> Work instructions: For every line below, restate it exactly and drop the images.

> Given material:

########

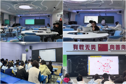 2022级员工首先在中学地理教法实训室分组进行了教育演习,通过限时教学设计、课件制作、课堂教学模拟等环节,体验中学地理公司产品实践过程,总结自己在教学过程中需要改进和完善的地方。之后前往凤鸣中学、十六中听取了中学优秀教师的教学经验分享、示范课,完成了4课时的课堂教学观摩。
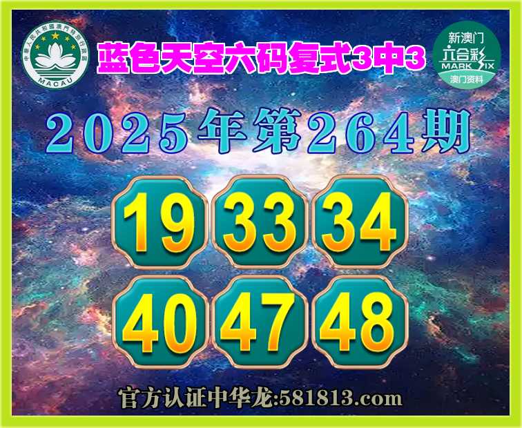 264期:『蓝色天空』 🪢六码复式3中3🪢
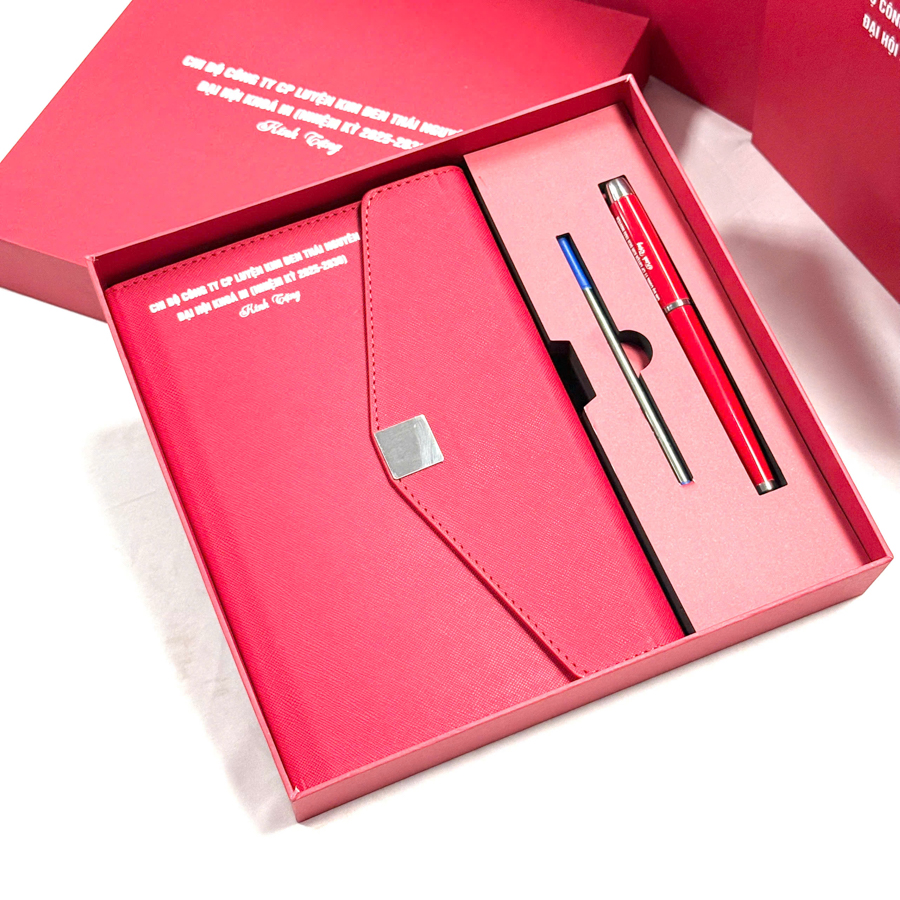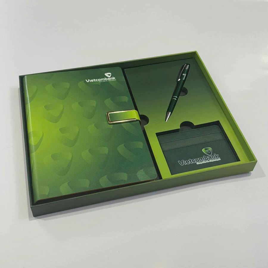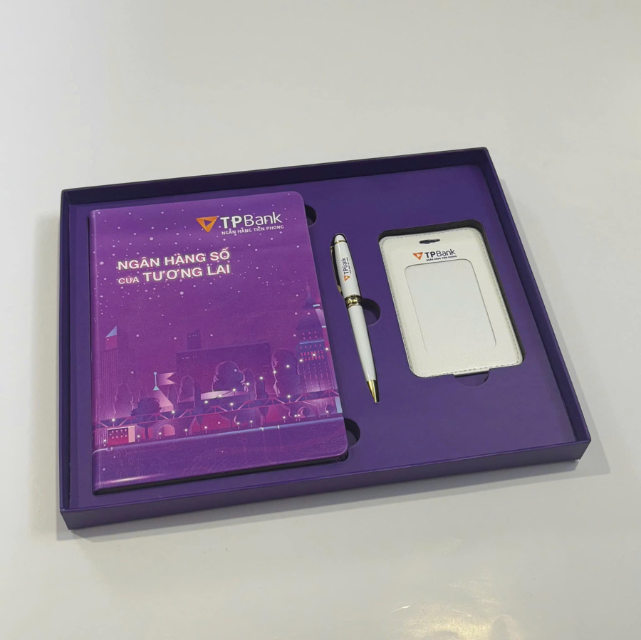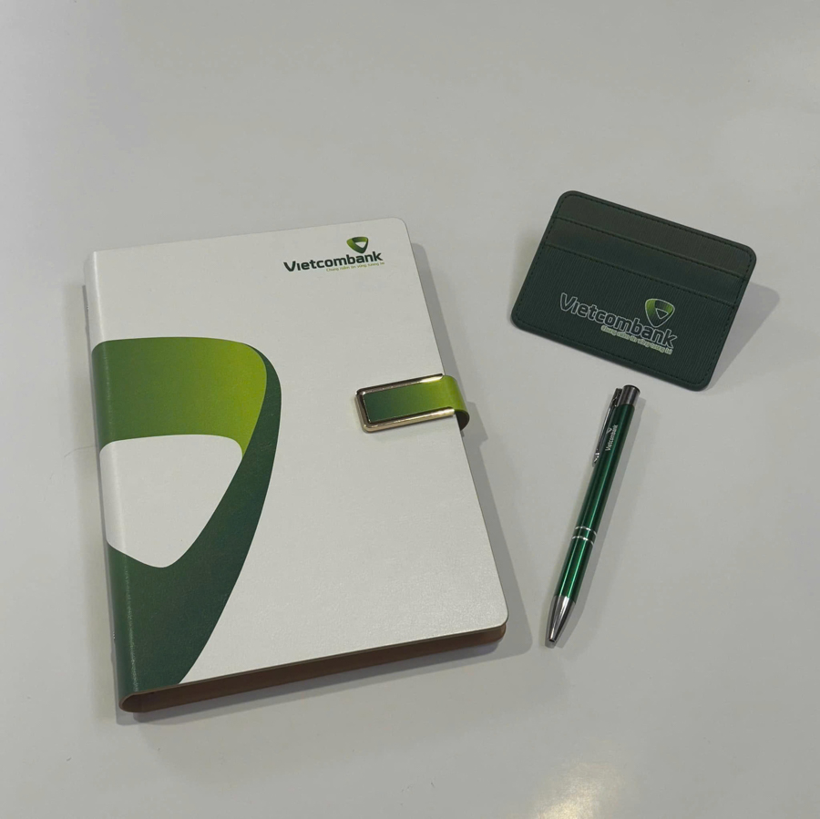 Đối với những đối tượng có vai trò đặc biệt trong doanh nghiệp như ban lãnh đạo, cổ đông lớn, khách hàng chiến lược, thì một món quà có thiết kế chỉn chu như bộ giftset sổ da và bút ký in logo là lựa chọn đáng cân nhắc. Bộ quà tặng thường bao gồm một cuốn sổ bìa da và một cây bút ký kim loại cao cấp, đặt trong hộp quà sang trọng in logo thương hiệu.

########

> Task solution:
 2022级员工首先在中学地理教法实训室分组进行了教育演习,通过限时教学设计、课件制作、课堂教学模拟等环节,体验中学地理公司产品实践过程,总结自己在教学过程中需要改进和完善的地方。之后前往凤鸣中学、十六中听取了中学优秀教师的教学经验分享、示范课,完成了4课时的课堂教学观摩。
 264期:『蓝色天空』 🪢六码复式3中3🪢
 Đối với những đối tượng có vai trò đặc biệt trong doanh nghiệp như ban lãnh đạo, cổ đông lớn, khách hàng chiến lược, thì một món quà có thiết kế chỉn chu như bộ giftset sổ da và bút ký in logo là lựa chọn đáng cân nhắc. Bộ quà tặng thường bao gồm một cuốn sổ bìa da và một cây bút ký kim loại cao cấp, đặt trong hộp quà sang trọng in logo thương hiệu.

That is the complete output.